UNIX was developed at Bell Labs (AT&T) in the early 1970's[1]. Several universities bought it along with a license for the source code, and the University of California at Berkeley rewrote and enhanced much of the system from 1979 to 1994[3]. They eventually released the BSD version of UNIX, but it was legally encumbered by the AT&T copyright that still covered parts of the source. Users of BSD had to purchase an expensive source license from AT&T.

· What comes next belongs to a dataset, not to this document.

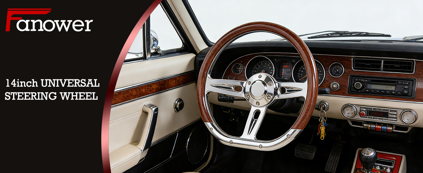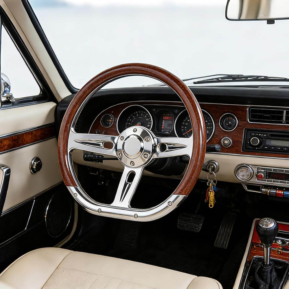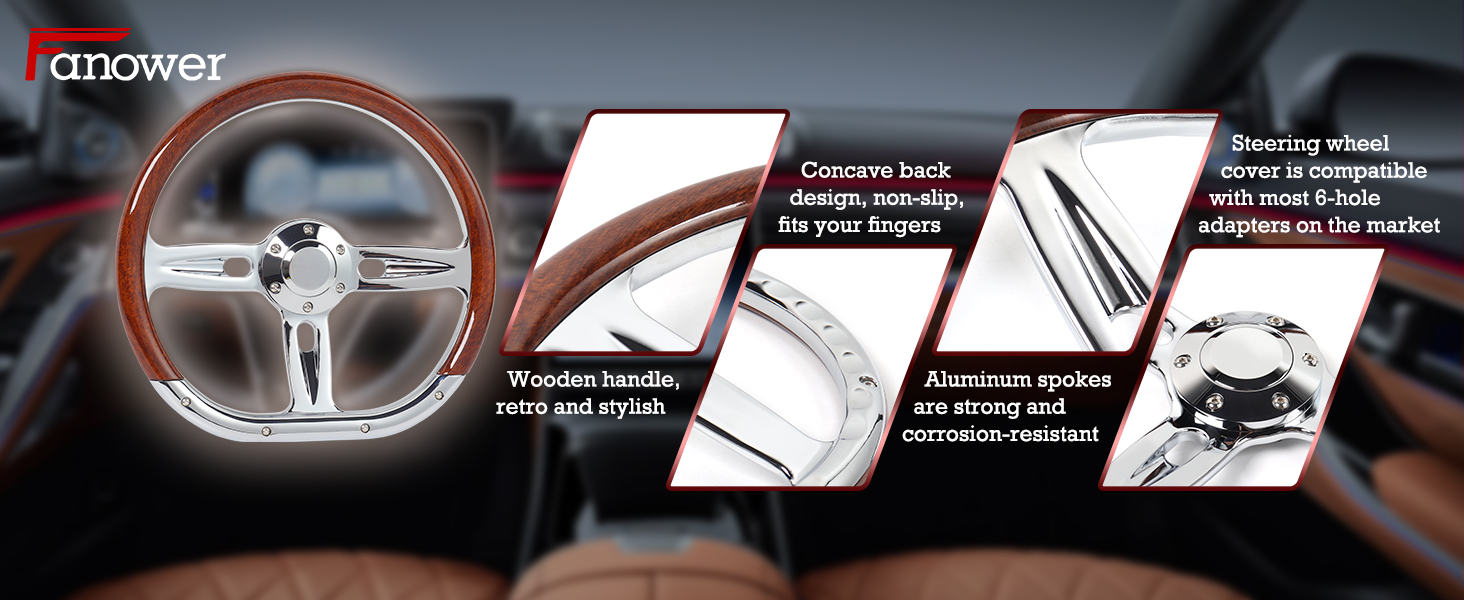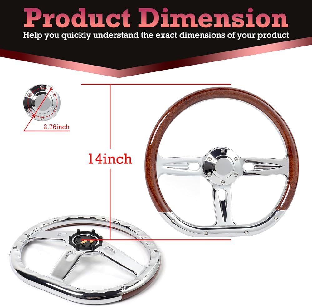 14Inch Wood D-Shape Universal Steering Wheel - Chrome-Plated Aluminum Alloy 3 Spokes 6 Holes 50mm Deep Dish for Racing Car Classic Car Vintage Car 350mm Universal Wood Grain Steering Wheel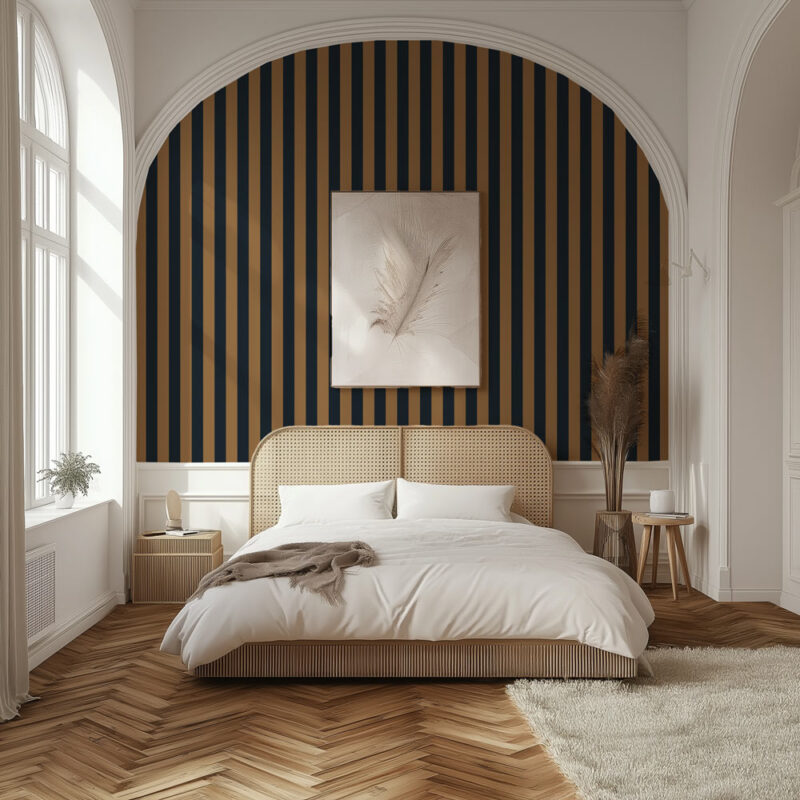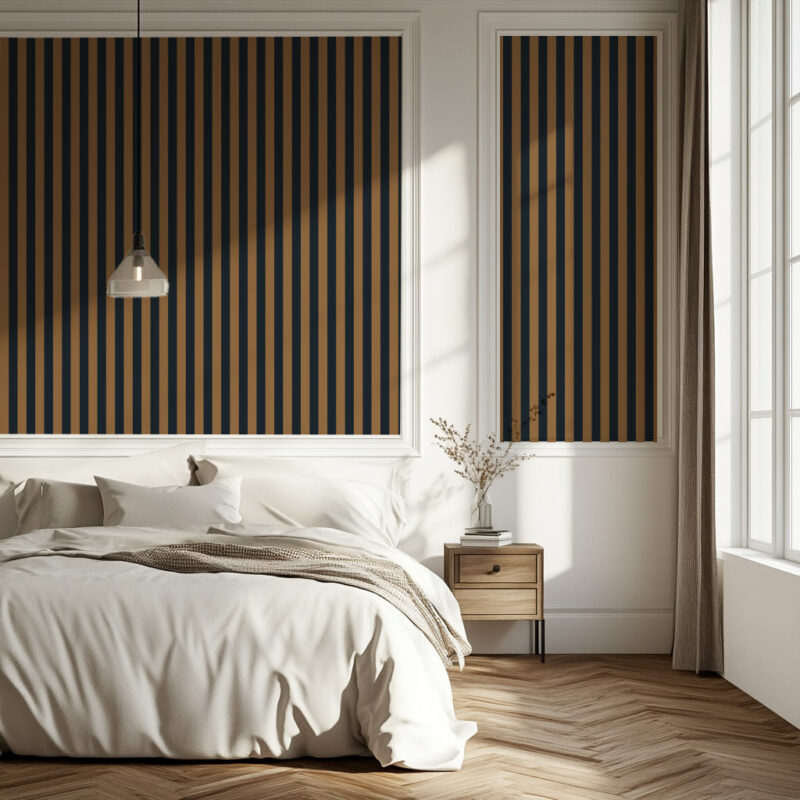 Le papier peint Bronzite marie le marron et le bleu marine dans un jeu de rayures verticales sophistiqué. Ce duo profond habille l’espace avec caractère, tout en conservant une allure élégante. Issu de notre collection Impériale, ce modèle est disponible en rayures larges (9 cm) ou rayures fines (5 cm). Cette tapisserie trouve facilement sa place dans une chambre ado ou adulte, en mur complet ou en soubassement pour une personnalisation murale affirmée.

In 1991, Berkeley's Computer Science Research Group (CSRG) removed the parts of BSD 4.3 that had been written by AT&T and released the remainder as the Berkeley Networking Release 2 (Net/2). Bill and Lynne Jolitz rewrote the missing pieces, completed Net/2's mostly-complete port to the i386, and released 386BSD 0.0. This was followed immediately by a slightly less buggy 386BSD 0.1, and an indefinitely delayed bug-free 0.2 release caused several groups to start their own BSD release. The FreeBSD group took 386BSD, added enhancements, and have been releasing BSD for the IBM PC line of machines regularly. The NetBSD group decided to release a research version of 386BSD, and they now have ports to more than half a dozen machines. The NetBSD system is best suited to handle different architectures and it is recommended that new ports be based on NetBSD's source tree. The author and four other students (Brad Grantham, Allen Briggs, Mike Finch, and Chris Caputo) ported NetBSD to the Macintosh, and that port is now released as part of the standard NetBSD distribution.